Have you ever had the experience of running from one meeting to the next all day long? Using your lunch "break" as the only time to get your actual work done? Why do meetings feel like such a burden?
Placing a higher premium on the time consumed with meetings will make employees both happier and more productive.
No one disputes the virtues of collaboration, but problems arise when collaboration is equated to meetings. There are many forms of collaboration, both synchronous and asynchronous. Moreover, meetings are not always the most effective or productive way to collaborate. Just ask Cisco.
Anecdotal experience suggests that many business professionals work under an excessive meeting load. Workdays extend further and further into the early morning hours and late nights in search of free time to focus on actual deliverables (or to conduct still more meetings with geospacially dispersed team members).
Meetings run amock seems to be a tragedy of the commons where the resource being wasted is the collective (hu)manpower hours of the firm.
Limiting the availability of meetings as a resource for collaboration will increase their value and force employees to think more carefully about whether there are alternative ways to get things done.
One option would be to blackout times as unavailable for meetings. For example, a company could institute a "No Midday Meetings" policy that disallows meetings between the hours of 11 AM and 3 PM.
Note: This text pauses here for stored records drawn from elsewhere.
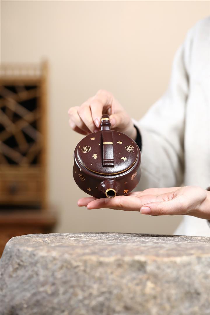 200cc原礦赤金朱泥靈猴獻瑞茶壺POT8513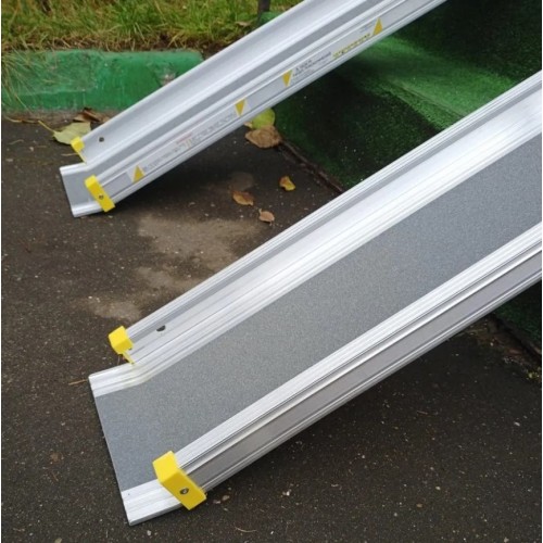 Трехсекционный телескопический пандус АНТИСЛИП изготовлен из облегчённого алюминиевого профиля и представляет собой 2 аппарели с абразивным покрытием серого цвета. Мы предлагаем нашим клиентам 3 варианта цвета покрытия - стандартный чёрный, практичный серый, контрастный жёлтый. Эта самая популярная модель среди телескопических пандусов предоставляет возможность для человека на инвалидной коляске и мамочке с детской коляской преодолеть практически любые перепады высоты: бордюры, пороги, ступени и не только.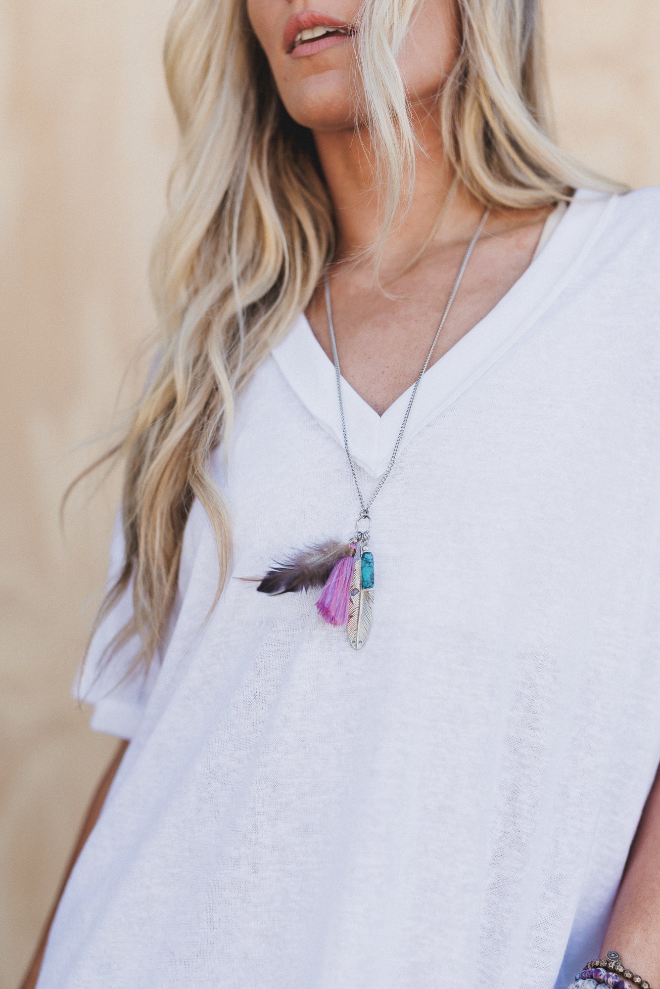 This look combines a basic with a statement and ties it all together with a pop of color in the necklace.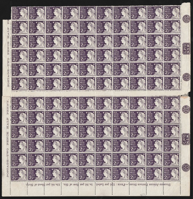 2½d purple Die I, sheet of 120, the 2 panes rejoined, Die I pane with margins at base, left & right inc 'WAC', 'GPrO NSW' & '1897' monograms, plus inscriptions, perf 11x12, & die II pane of 60 with full margins with same monograms, perf 11x12.

Another alternative would be to allocate employees with a finite number of meeting hours each week. Meeting allocations could be "consumed" either by setting up a meeting or by particpating in someone else's meeting. Differentiate between the two consumption models to help ensure employees don't use all their allocation for selfish purposes.
For example, an employee might be allowed up to 12 total hours per week for meetings but only 4 of those can be hours for meetings that the employee sets up, leaving at least 8 free to join other meetings (and the rest of the work week free to do other kinds of work). Allocations can be scaled according to role or business need.
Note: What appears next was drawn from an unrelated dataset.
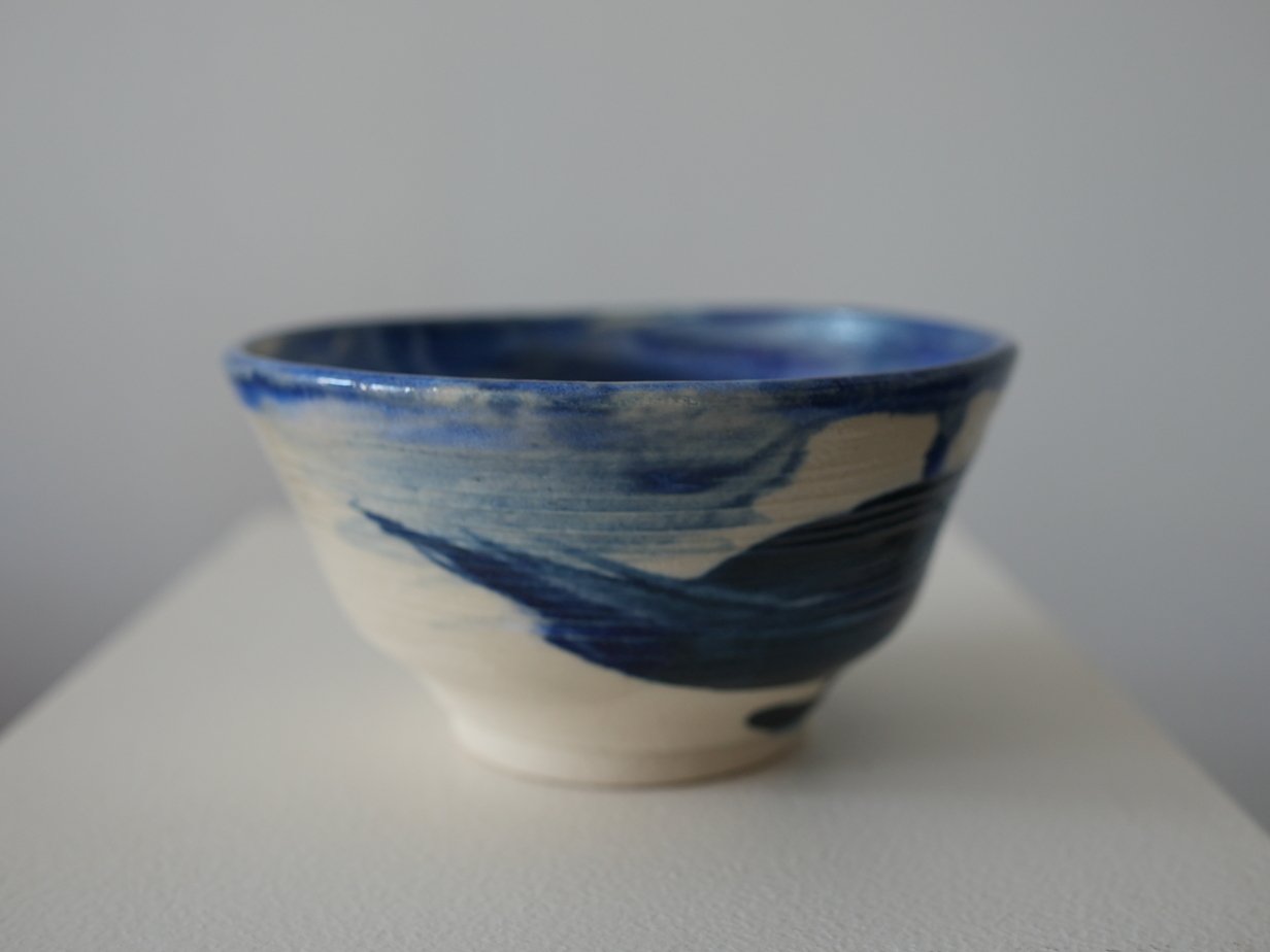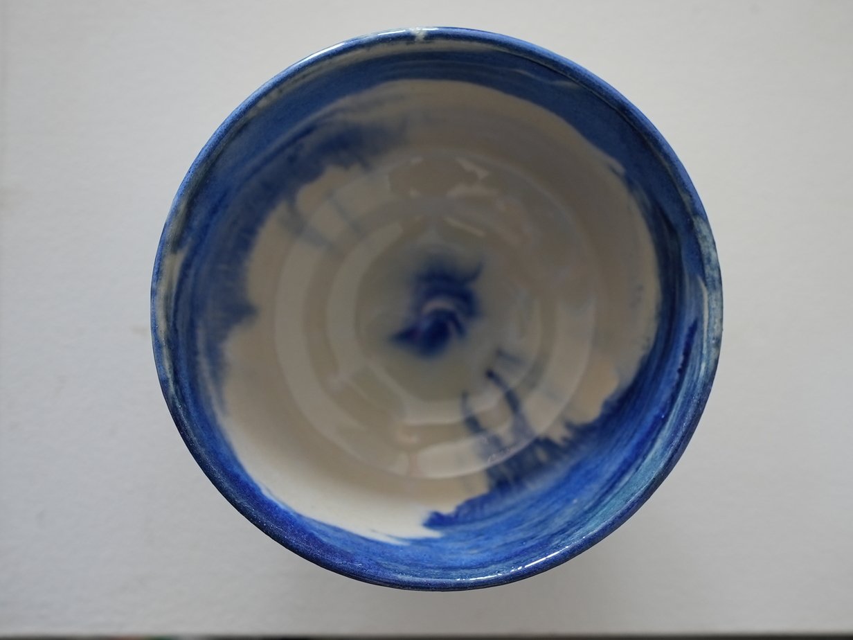 Finish: Clear glaze with subtle cobalt blue accents

Some experimentation would be required to get the precise number right. To ensure the system remains flexbile, allow for overages with a manager's approval. This both enforces justifying the meeting and keeps manager's in the loop should allocations need to be adjusted.
Once meetings become a scarce resource, employees will have to think more carefully about how they consume (or invest) that resource and more creatively about how to get thing done.
Freedom from meetings frees up time that employees can choose to spend in other productive ways - free time to connect with coworkers in other ways, free time to create work products of more tangible value. Employees will be challenged to find new ways of working together, but in time they will likely discover they need far fewer meetings than once they thought.
Culturally, some organizations will be less receptive to restricting meetings. Meetings may be confused with the value placed on collaboration and inclusiveness, which will require proactive change management.
There is a risk some will adjust to fewer meetings by consulting and informing less than they should, rather than come up with more creative alternatives to consult and inform others. There is also a risk that decision making cycles may drag out as the associated meetings are spread out over weeks rather than days. Both of these risks can be mitigated with the manager exception described in the solution.
How this hack is implemented will depend somewhat on the technical resources available. Meeting restrictions can be enforced upfront (e.g. using a rule set up on Microsoft Exchange Server) or on the backend via some form of audit. Some combination of the two is probably ideal. Scale will also influence the best implementation strategy.
A manager can quickly and easily test this hack with his/her team. Communicate the new policy - everyone gets 12 hours of meetings per week; you can only initiate 4 hours of meetings yourself; an email exception is required for any excess. Set up an email alias/dummy account that must be copied on all meeting invites. Audit that account periodically to ensure compliance.